Consider network interruptions and check with network monitoring.
Is there only one PD in total? Try expanding the PD to three.
Okay, I’ll give it a try.
Separate the PD nodes and do not mix them with TiDB…
It looks like it crashed and then came back up again.

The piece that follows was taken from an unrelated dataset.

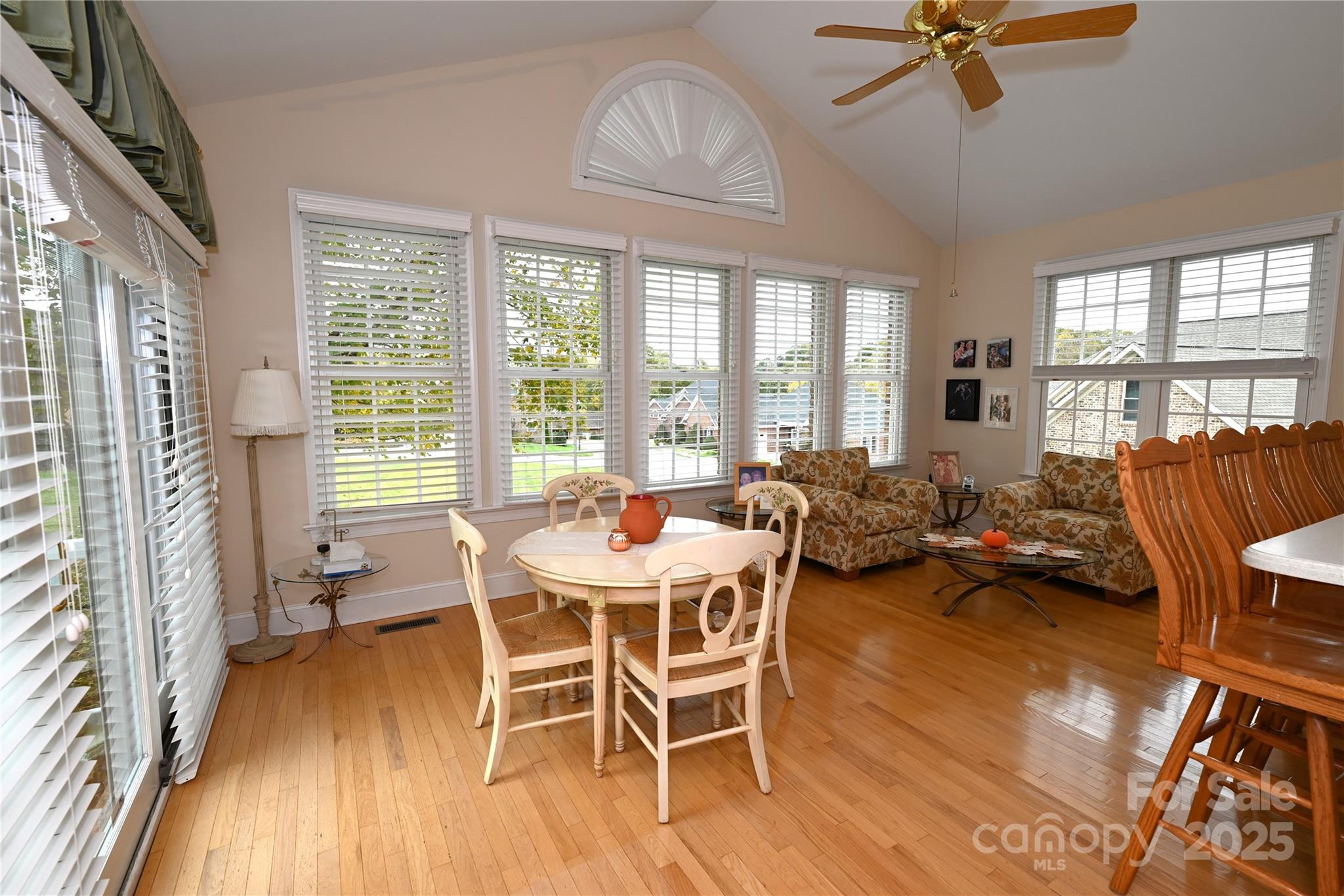 Enjoy a relaxed, maintenance free lifestyle in this beautiful home located in the desirable Garden Home Section of Rock Barn Golf and Spa. Perfectly positioned across from the driving range and chipping green, this residence is just a short walk to the fitness center and all of Rock Barn's world-class amenities! This three bedroom, two and a half bath home showcases hardwood floors, elegant crown molding, and stunning vaulted and tray ceilings. The spacious, enclosed sunroom is open to the kitchen, which offers the perfect spot to enjoy your morning coffee or unwind with a good book. The primary suite features a generous layout with dual sink vanities, glass enclosed large tiled shower and spacious walk in closet. A split bedroom floor plan provides two additional bedrooms and a full bath on the opposite side of the home, ensuring comfort and privacy for guests. A half-bath conveniently serves the main living and dining areas. The two car garage offers ample space for vehicles plus a golf cart, making it easy to enjoy everything Rock Barn has to offer! Homes rarely come on the market in this section, if you desire ease and comfort, this is your opportunity.

TiDB needs to communicate with PD, but it seems that it cannot connect to PD. Separate PD and check the topsql at this point in time.
I’ve encountered a similar issue. It might be due to large SQL queries or batch tasks running simultaneously during that period, causing an OOM (Out of Memory) error. Subsequently, the SQL execution might have completed or failed, leading to a decrease in resource usage.
It should be OOM. Check the slow logs and tidb logs.
Your configuration is interesting; the resources of several TiDB nodes are different. If you want to deploy them in a mixed manner, at least choose machines with higher resources. I suggest scaling out PD nodes on two machines with 64-core CPUs.